The replication, in answer to this plea, that defendant had full knowledge of the deceased’s occupation and with such knowledge accepted payment of assessments to the time of his-death, is without any competent evidence found in the record to support it. The only evidence offered in proof of this replication was the testimony of the witness Henry Schneider, who was secretary of the local council from September 1899 to January 1,1904. Over the objections of appellant the witness was permitted to testify to the contents of a letter received from the supreme lodge sometime in 1903. The witness stated that he had destroyed the letter before this controversy arose and could not therefore produce it. This testimony as to contents of the letter was objected to, for the reason that notice was not served on defendant to produce a copy. Under the rule which obtains in this State, there are degrees in secondary evidence, and before parol evidence of the contents of a letter may be heard it should appear that neither the letter nor a copy is available for use as evidence. Next to the letter itself, a copy is the best evidence, and in this case notice to produce a copy should have been required before testimony of the contents was permitted. The superior degrees of secondary evidence take precedence in order of admissibility. Mariner v. Saunders, 5 Gilman, 113; Illinois Land & Loan Company v. Bonner, 75 Ill. 315; C., C., C. & St. Louis Railway Company v. Newlin, 74 App. 638.

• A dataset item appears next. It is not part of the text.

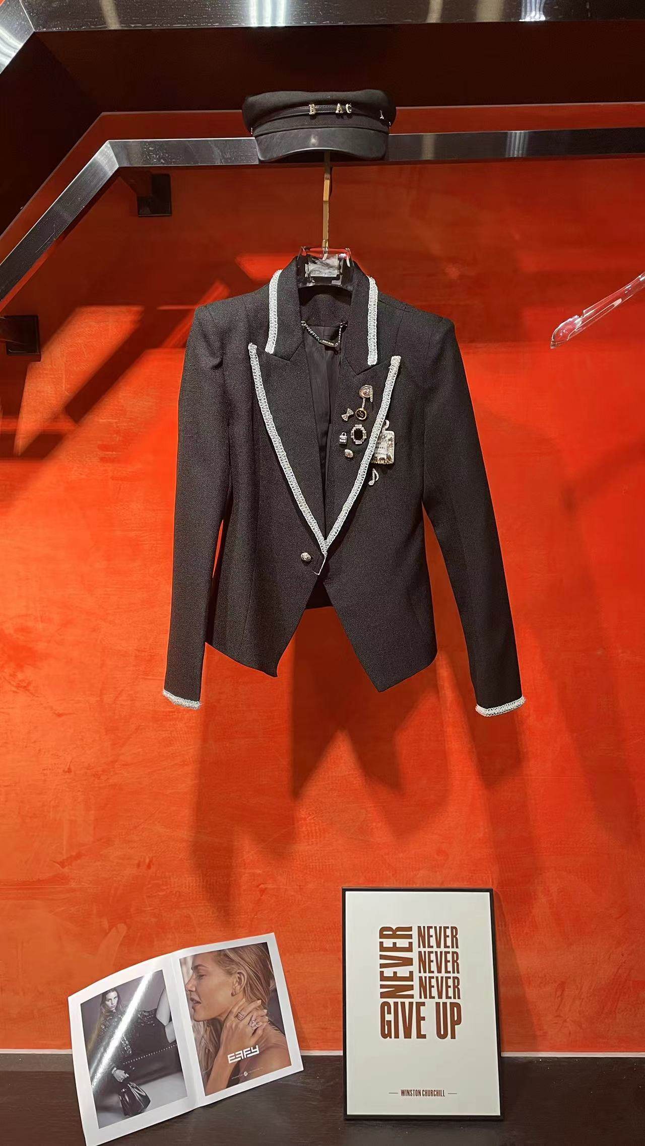 7573春季新款时尚银色扣修身显瘦女重工钉珠纯色气质西装外套潮白

As to the contents of the lost letter, Schneider testified, in substance, that the head office had information that deceased was a saloonkeeper and directed him as secretary of the local council to investigate and make report. He further testified, that in this same letter the head office stated, that they had learned the deceased was using intoxicating liquors to excess, and that matter he was likewise directed to investigate. Whether this evidence was properly admitted or not, would not avail the appellee, as a letter-press copy of the letter in question was produced by appellant and admitted in evidence. By the copy it is conclusively shown that no reference was made to the deceased’s occupation, but the statement and inquiry contained in the letter related solely to his excessive use of intoxicating liquors. With this condition of the record it may fairly be said that there is no evidence tending to prove the replication and that the evidence in support of the plea is ample, sufficient and uncontradicted. It being thus established by the undisputed evidence, that deceased engaged in the prohibited occupation of conducting a saloon and tending bar in the sale of intoxicating liquors, bis beneficiary, the appellee, is barred of all right and claim under the certificate and is without legal cause of action against appellant. The judgment of the Circuit Court will therefore be reversed without remanding.

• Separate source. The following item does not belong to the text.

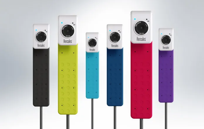 Design d'une webcam mini au pied original : flexible, en silicone tendre, il intègre une armature métallique qui lui permet de prendre toutes les positions. La webcam peut ainsi être installée sur un écran bien sûr, et ce quelque soit son épaisseur (ordinateur de bureau ou portable), mais aussi posée sur une table, fixée sur une étagère, coincée entre deux livres, etc. Disponible en 6 couleurs.

Reversed, with finding of fact.
We find as a fact, to be incorporated with the judgment herein, that Louis W. Langsdorf, the insured named in the certificate under which this suit was brought, was, prior to and at the time of his decease, engaged as a saloonkeeper and bartender in the sale of intoxicating' liquors and that appellant had no knowledge prior to his death that he was so engaged, and that the said certificate was null and void and of no legal effect at the time this action was brought.